Все домашние дела, кроме уборки скотины, — бабьи; полевые дела наполовину — тоже бабьи. Косит, бывало, Иван рожь или пшеницу, а жена, пристегнув к поясу пучок осочных свясел, вяжет за ним. На стану, под телегой, укрытый от нещадных лучей дырявым пологом, хнычет и попискивает в зыбке ребенок. Ребенок попискивает на стану, а мать слушает его и лихорадочно кидает снопы с боку на бок, опоясывает их, нажимая коленом. Взмокнув вся, нагонит мужа, управится с рядом, потом подбежит к ребенку, покличет его, поцелует, обдав жаром тела, заткнет ему рот тряпичкой с хлебным жеваным мякишом и опять за грабли. Иван рядков пять-шесть положит косой поперек загона, саженей на тридцать, сглотнет чашку воды и, поставив сноп, приляжет под ним покурить в холодке. Жена тем временем переменит пеленки, покормит мальца грудью и, если Иван все еще прохлаждается, успеет подгрести растерянные колосья. А вечером Иван, бросив косьбу, стаскивает снопы в копны, а жена спешит в хутор, к домашности и к детишкам, чтоб с восходом солнца снова быть в поле.
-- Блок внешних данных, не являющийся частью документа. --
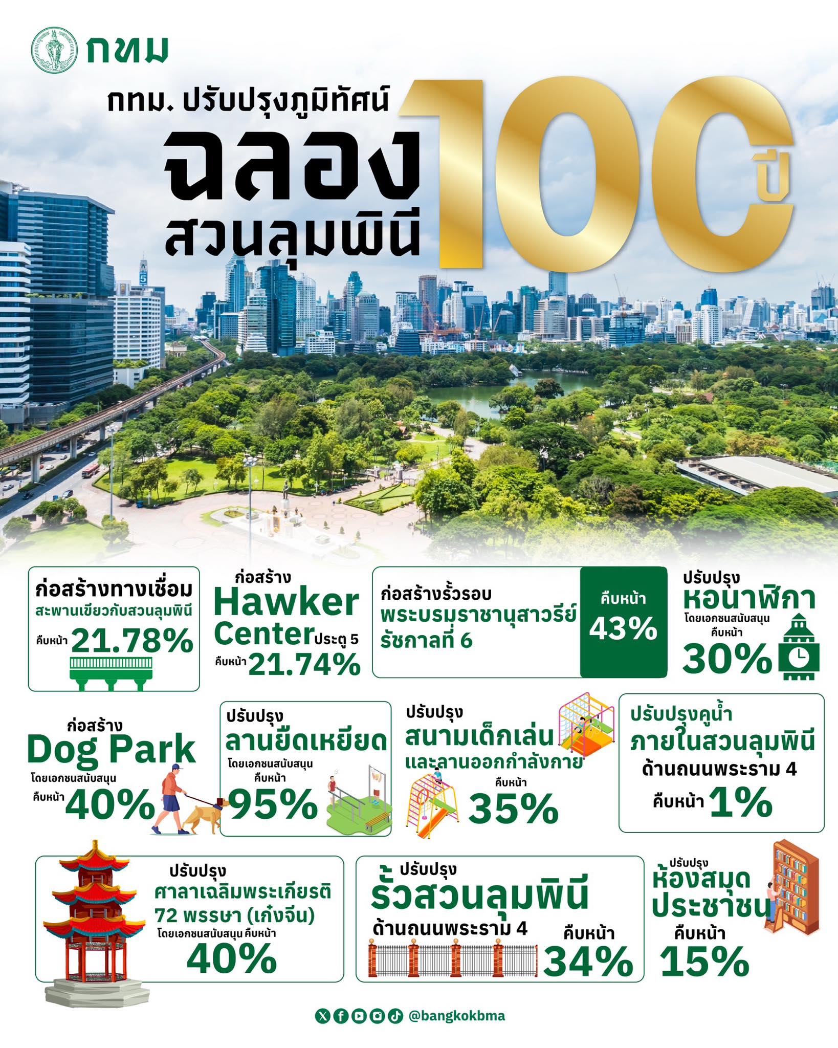 現在進行中の主な工事は、ルムピニー公園とベーンジャキティ公園を結ぶグリーンブリッジの接続通路の開発(進捗率21.78%)、第5門付近でのホーカーセンターの建設(同21.74%)、ラマ6世記念像周辺の柵設置(同43%)、時計塔の改修(同30%)、ドッグパークの建設(同40%)、ストレッチ広場の改修(同95%)、遊具や運動広場の整備(同35%)、ラマ4世通り側の堀の改修(同1%)、中国風東屋(サーラー)の改修(同40%)、外周フェンスの改修(同34%)、都民図書館の改修(同15%)など多岐にわたる。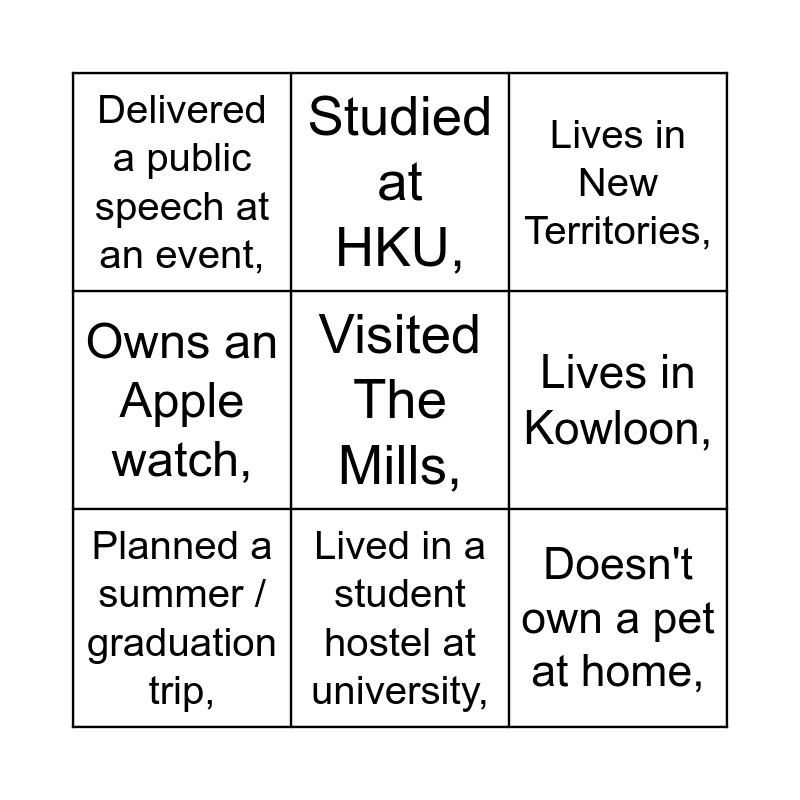 This bingo card has 27 words: Owns a dog at home,, Owns a cat at home,, Doesn't own a pet at home,, Lives in HK Island,, Lives in Kowloon,, Lives in New Territories,, Studied at HKU,, Studied at CUHK,, Studied at PolyU,, iPhone user,, Andriod user,, Owns an Apple watch,, plays piano,, plays soccer,, plays golf,, Exchanged or studied abroad,, Planned a summer / graduation trip,, Lived in a student hostel at university,, Used ChatGPT,, Delivered a public speech at an event,, Participated in community services in the last 12 months,, Had a part-time / summer job in the real estate field,, Has followed Knight Frank Greater China's social media account(s),, Has a friend who works at Knight Frank Hong Kong,, Visited M+ Museum,, Visited The Mills, and Visited Tai Kwun.

Вот так и жили. Жили как все.
К старости Иван все чаще начал зашибать и чудить. То вообразит себя зингеровским агентом и ну слоняться по дворам, навязывать хозяевам швейные машинки, каких у него нет и не бывало. То, забравшись в какой-нибудь дальний хутор, объявит себя постовалом, мастером по валяльному делу. Люди натащат ему шерсти, дадут задатки, он наклюкается и начинает мастерить. Но больше двух-трех пар валенок «отделать» не успевал: заказчики намнут ему бока и с кандибобером выставят из хутора. А один раз, загнав корову, открыл бакалейную лавчонку: спички, мыло, фруктовый чай, пряники, орехи… На второй день торговли в лавку прибежал Андрюшка, в будущем Надин родитель. Прибежал, чтобы выпросить у отца гостинчика. Смотрит — отец лежит, растянувшись на полке, уставленной косушками, и головы не поднимает, похрапывает. Андрюшка насыпал в подол пряников, грецких стручков и помчался домой, хвастаться удачей. А люди между тем шли в лавчонку и, посмеиваясь, насыпали в карманы кому что угодно.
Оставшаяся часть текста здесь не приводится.